Und wer beteiligt sich an den Kosten von Burn-out-geplagten Lebensmittelverkäufern? Der "freie Markt" ist eine Fiktion. Er bedarf der strengen Reglementierung.

Beim Sprit wird eine solche Vorgangsweise, die Familienminister Reinhold Mitterlehner nach mühsamen Verhandlungen durchgesetzt hat, heiß bejubelt.

Wenn es um Menschen geht, offenkundig nicht.


 Kampf um ein Stück Freiheit

Andreas Unterberger

Selbstverständlich hatten meine Großeltern ihr Lebensmittelgeschäft und meine Schwiegereltern ihre Fleischhauerei an Sonntagen geöffnet. Ebenfalls noch lang in die Nachkriegszeit gab es Raiffeisenkassen, die überhaupt nur sonntags geöffnet hatten. Es ist daher Unsinn, eine Sonntagsöffnung als neumodische Entartung gottloser Liberaler darzustellen, die aus Geldgier jahrhundertealte familienfreundliche Usancen abschaffen wollen.

Die Möglichkeit, an Sonntagen im Handel zu arbeiten, wäre oft sogar familienfreundlicher als der Ist-Zustand: Dann könnten in vielen Familien Väter wie Mütter zumindest Teilzeit arbeiten, ohne ihre Kinder in Fremdbetreuung geben zu müssen, was der Großteil der Eltern ja keineswegs als ideal ansieht. Diese Möglichkeit wäre auch nicht kirchenfeindlich. Findet etwa die Ladenöffnung am Nachmittag statt, würde ein Messbesuch sogar harmonischer in Sonntagsplanungen passen als heute.

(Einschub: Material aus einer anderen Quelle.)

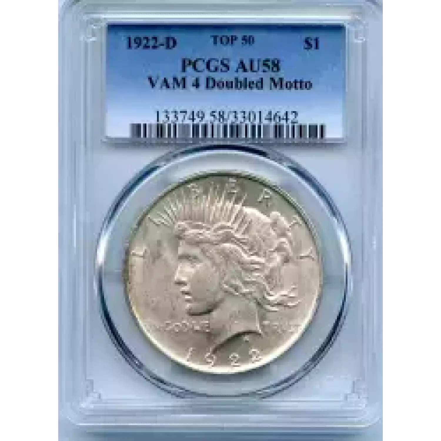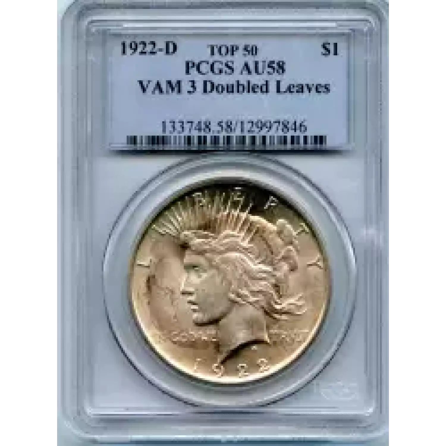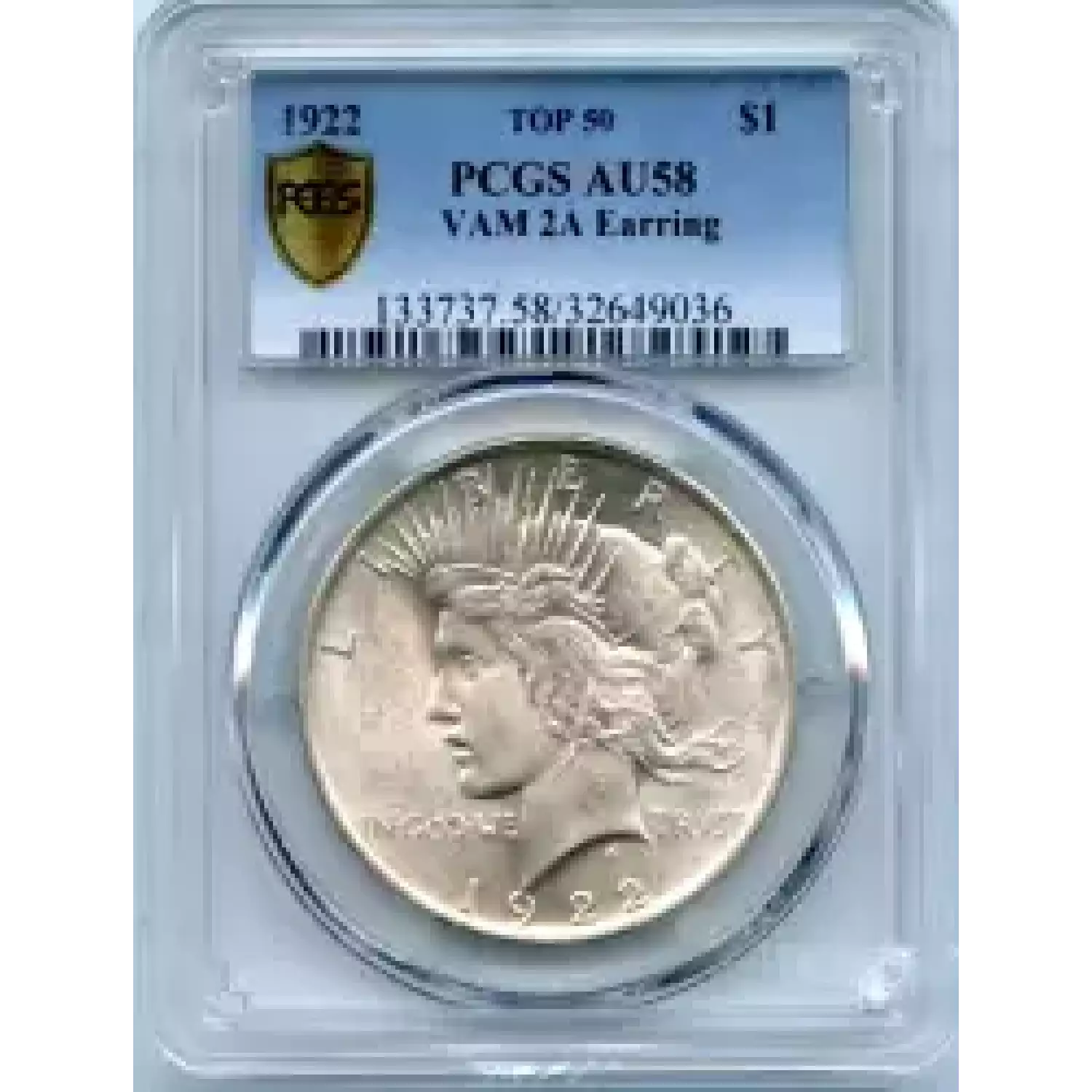 512577 | 1922-AU-58 Peace Silver Dollar PCGS AU-58 | PCGS | AU-58 | Sold: 08/12/2019 | $200 |

An Sonntagen einkaufen zu gehen (auch über Lebensmittel hinaus) ist mindestens so legitim wie der Besuch eines Sportereignisses, eines Kinos, eines Theaters oder der Bezug einer an Sonntagen produzierten Montagszeitung. Nichts davon ist überlebenswichtig. Und alles ist für viele Mitmenschen mit gut honorierter Sonntagsarbeit verbunden. Niemand kritisiert solche Sonntagsarbeit, die anderen Vergnügen und Freizeitgestaltung ermöglicht. Nichts anderes stellt aber für viele Menschen eben auch ein Einkaufsbummel dar. Eine Sonntagsöffnung würde das unwürdige und oft mehr als eine Stunde kostende Gedränge Tausender in den wenigen geöffneten Bahnhofsläden beenden. Sie würde viele Umsatzmillionen in Österreichs Steuerkassen spielen, die derzeit im grenznahen Ausland ausgegeben werden. Und sie wäre endlich wieder ein kleines Stück Freiheit, weg von der unerträglichen Bevormundung durch den Moloch Staat.